Activity: Every line in the records below between the one holding "The Saturday is a twin" and the one holding "Turn the key", inclusive, is to be set down exactly; all other lines are to be left out.

Records for processing:
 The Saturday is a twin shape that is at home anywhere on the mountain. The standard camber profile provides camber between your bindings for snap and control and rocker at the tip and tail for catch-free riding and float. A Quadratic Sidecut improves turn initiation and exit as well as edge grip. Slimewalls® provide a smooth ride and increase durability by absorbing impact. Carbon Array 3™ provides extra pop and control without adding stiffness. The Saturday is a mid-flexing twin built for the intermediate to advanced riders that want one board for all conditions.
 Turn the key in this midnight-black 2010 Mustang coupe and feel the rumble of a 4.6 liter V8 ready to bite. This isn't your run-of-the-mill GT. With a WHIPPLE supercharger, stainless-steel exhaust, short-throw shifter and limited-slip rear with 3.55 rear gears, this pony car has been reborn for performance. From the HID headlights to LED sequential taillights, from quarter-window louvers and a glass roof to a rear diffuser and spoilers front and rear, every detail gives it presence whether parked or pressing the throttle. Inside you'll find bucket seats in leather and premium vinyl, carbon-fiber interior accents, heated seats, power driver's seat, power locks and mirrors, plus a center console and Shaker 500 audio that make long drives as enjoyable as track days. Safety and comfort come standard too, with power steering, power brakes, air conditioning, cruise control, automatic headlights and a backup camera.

==

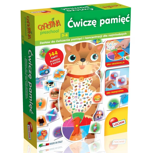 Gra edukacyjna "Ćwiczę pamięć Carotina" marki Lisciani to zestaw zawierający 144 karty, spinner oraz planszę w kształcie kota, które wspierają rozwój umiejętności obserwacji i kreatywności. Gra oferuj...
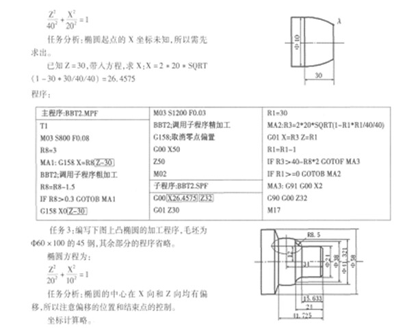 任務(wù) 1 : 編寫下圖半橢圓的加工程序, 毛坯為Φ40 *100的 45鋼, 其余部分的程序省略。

Solution to this exercise:
 The Saturday is a twin shape that is at home anywhere on the mountain. The standard camber profile provides camber between your bindings for snap and control and rocker at the tip and tail for catch-free riding and float. A Quadratic Sidecut improves turn initiation and exit as well as edge grip. Slimewalls® provide a smooth ride and increase durability by absorbing impact. Carbon Array 3™ provides extra pop and control without adding stiffness. The Saturday is a mid-flexing twin built for the intermediate to advanced riders that want one board for all conditions.
 Turn the key in this midnight-black 2010 Mustang coupe and feel the rumble of a 4.6 liter V8 ready to bite. This isn't your run-of-the-mill GT. With a WHIPPLE supercharger, stainless-steel exhaust, short-throw shifter and limited-slip rear with 3.55 rear gears, this pony car has been reborn for performance. From the HID headlights to LED sequential taillights, from quarter-window louvers and a glass roof to a rear diffuser and spoilers front and rear, every detail gives it presence whether parked or pressing the throttle. Inside you'll find bucket seats in leather and premium vinyl, carbon-fiber interior accents, heated seats, power driver's seat, power locks and mirrors, plus a center console and Shaker 500 audio that make long drives as enjoyable as track days. Safety and comfort come standard too, with power steering, power brakes, air conditioning, cruise control, automatic headlights and a backup camera.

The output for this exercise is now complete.